- Recorded information -
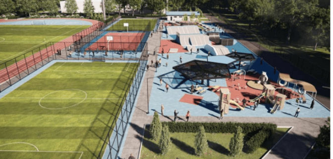 На Оболоні реконструюють шкільний стадіон одразу для ліцеїв №225 та 214: окрім футбольного поля та мінімайданчиків, комплекс включатиме урбан-парк для скейтбордингу і паркуру. Голова РДА Кирило Фесик презентував попередній проєкт нового міжшкільного стадіону на території ліцею №214.
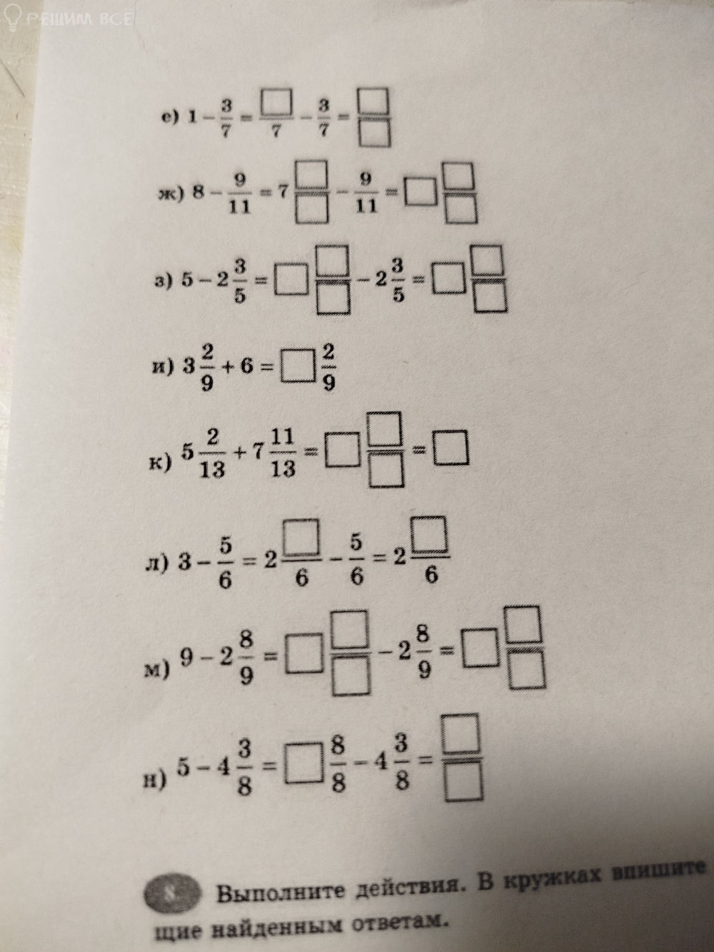 ж) [m]\large 8 - \frac{9}{11} = 7 \frac{11}{11} - \frac{9}{11} = 7 \frac{2}{11}[/m]
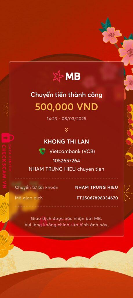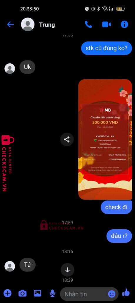 Scammer Alert: Khổng Thị Lan Reported: May 10, 2025 Scammer Information Full Name: Khổng Thị Lan Payment Gate: Vietcombank Payment Account: 1052657264 Category: Marketplace scams Source: Checkscam Evidence Files Report Description lừa đảo chiếm đoạt tài sản Comments Your comment Add Comment No comments yet. Be the first to share your experience with this scammer.
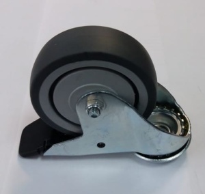 Колесо поворотное 75 мм. под штырь с тормозом TPR серая резина (50кг) (NF-0127) (10495) (50)
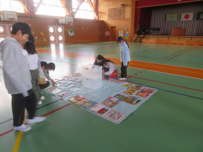 子供たちは先を争うように体育館へ行って借りたい本を探していました。
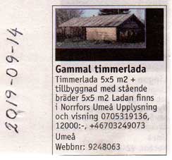 Vännerna beslutade därför, att annonsera ut ladan i Norrfors.
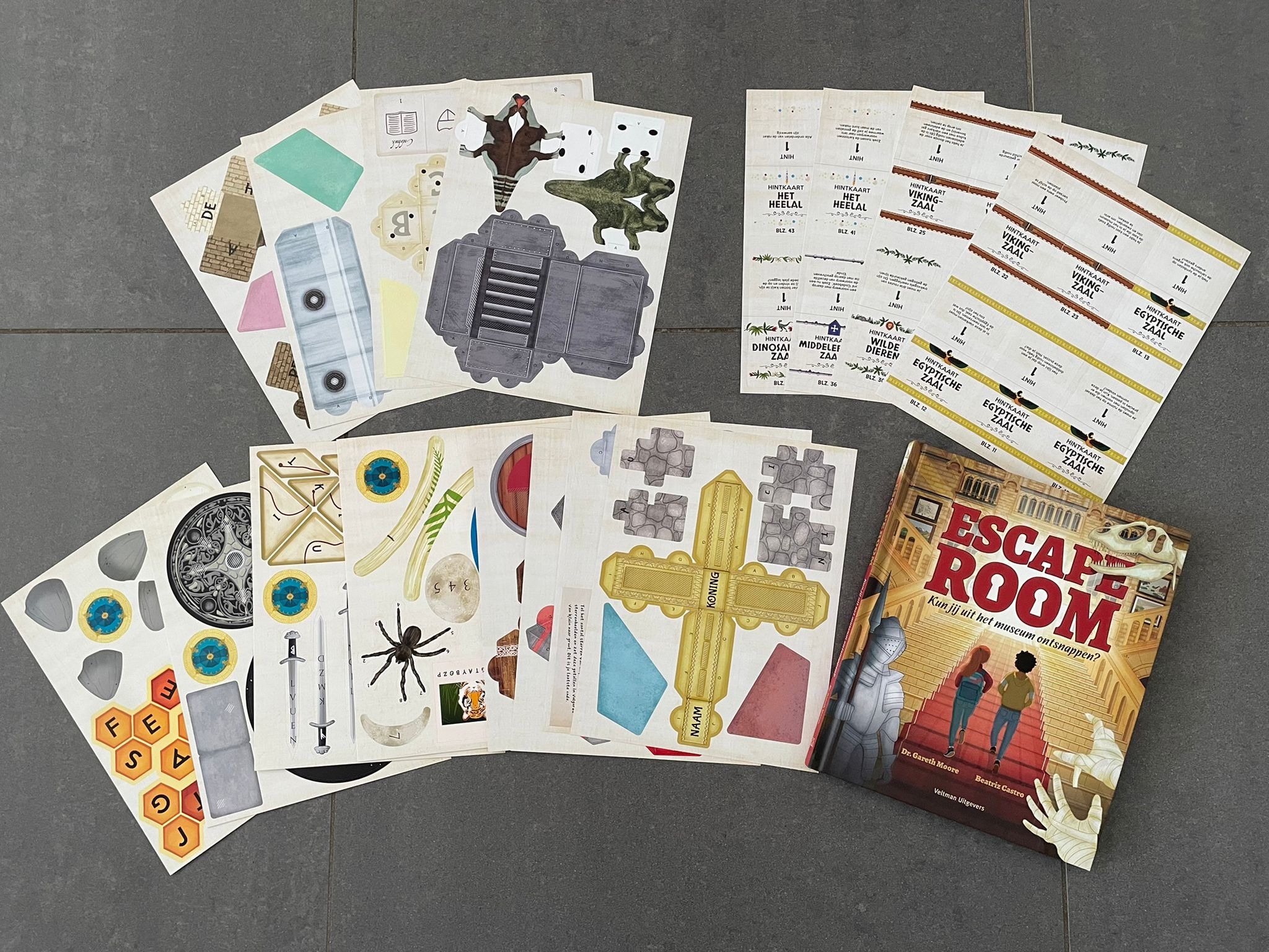 ‘Escaperoom’ is een escaperoom voor thuis. Een interactief puzzelboek met achterin een envelop vol met voorwerpen om uit te drukken en in elkaar te zetten. Je moet zelf proberen te bedenken welke van die voorwerpen je nodig hebt om de aanwijzingen te ontcijferen. Als je de puzzels oplost, kom je steeds verder in het museum. Er zijn 6 verschillende zalen in het museum, en in elke zaal moet je 4 puzzels oplossen. Dat maakt dit boek meteen ontzettend origineel, het is meer dan gewoon een puzzelboekje. Er zijn meer dan 30 items om uit te drukken en in elkaar te zetten, en alleen dat zorgde bij mijn dochter al voor enorm veel plezier.
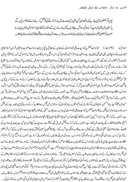 Urdu News 30 July  2020
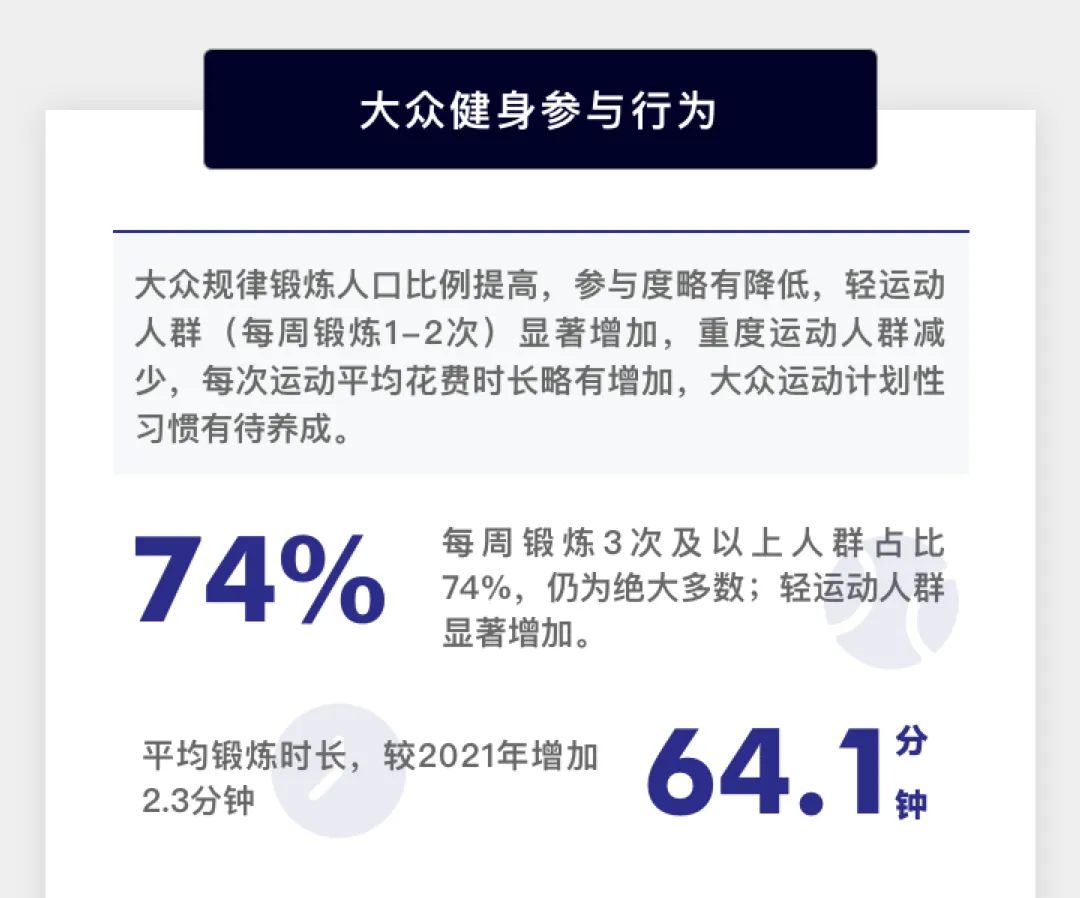 只是对于当局者和入局者而言,认清趋势、把握时机变得尤为重要——而这,也正是《2022年大众健身行为与消费研究报告》存在于此的重要意义所在。
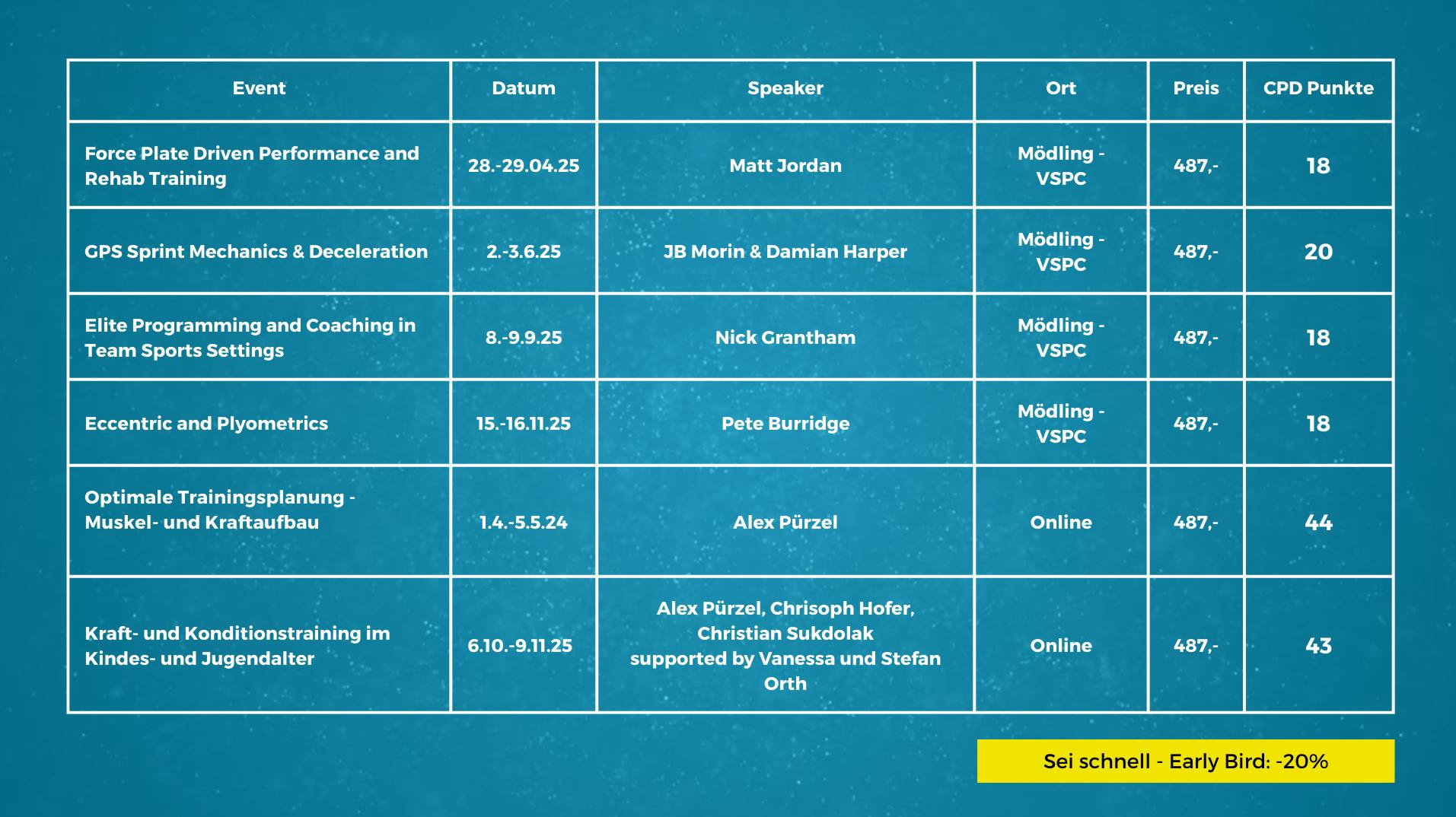 Die EINS-A Coaching OG (Educational Institute for Sports – Austria) hat es sich zum Ziel gesetzt Strength & Conditioning Coaches ein Fortbildungsangebot auf höchstem Niveau zu bieten!

- Problem details -
The records above must be echoed exactly, minus their pictures.

- Solution below -
 На Оболоні реконструюють шкільний стадіон одразу для ліцеїв №225 та 214: окрім футбольного поля та мінімайданчиків, комплекс включатиме урбан-парк для скейтбордингу і паркуру. Голова РДА Кирило Фесик презентував попередній проєкт нового міжшкільного стадіону на території ліцею №214.
 ж) [m]\large 8 - \frac{9}{11} = 7 \frac{11}{11} - \frac{9}{11} = 7 \frac{2}{11}[/m]
 Scammer Alert: Khổng Thị Lan Reported: May 10, 2025 Scammer Information Full Name: Khổng Thị Lan Payment Gate: Vietcombank Payment Account: 1052657264 Category: Marketplace scams Source: Checkscam Evidence Files Report Description lừa đảo chiếm đoạt tài sản Comments Your comment Add Comment No comments yet. Be the first to share your experience with this scammer.
 Колесо поворотное 75 мм. под штырь с тормозом TPR серая резина (50кг) (NF-0127) (10495) (50)
 子供たちは先を争うように体育館へ行って借りたい本を探していました。
 Vännerna beslutade därför, att annonsera ut ladan i Norrfors.
 ‘Escaperoom’ is een escaperoom voor thuis. Een interactief puzzelboek met achterin een envelop vol met voorwerpen om uit te drukken en in elkaar te zetten. Je moet zelf proberen te bedenken welke van die voorwerpen je nodig hebt om de aanwijzingen te ontcijferen. Als je de puzzels oplost, kom je steeds verder in het museum. Er zijn 6 verschillende zalen in het museum, en in elke zaal moet je 4 puzzels oplossen. Dat maakt dit boek meteen ontzettend origineel, het is meer dan gewoon een puzzelboekje. Er zijn meer dan 30 items om uit te drukken en in elkaar te zetten, en alleen dat zorgde bij mijn dochter al voor enorm veel plezier.
 Urdu News 30 July  2020
 只是对于当局者和入局者而言,认清趋势、把握时机变得尤为重要——而这,也正是《2022年大众健身行为与消费研究报告》存在于此的重要意义所在。
 Die EINS-A Coaching OG (Educational Institute for Sports – Austria) hat es sich zum Ziel gesetzt Strength & Conditioning Coaches ein Fortbildungsangebot auf höchstem Niveau zu bieten!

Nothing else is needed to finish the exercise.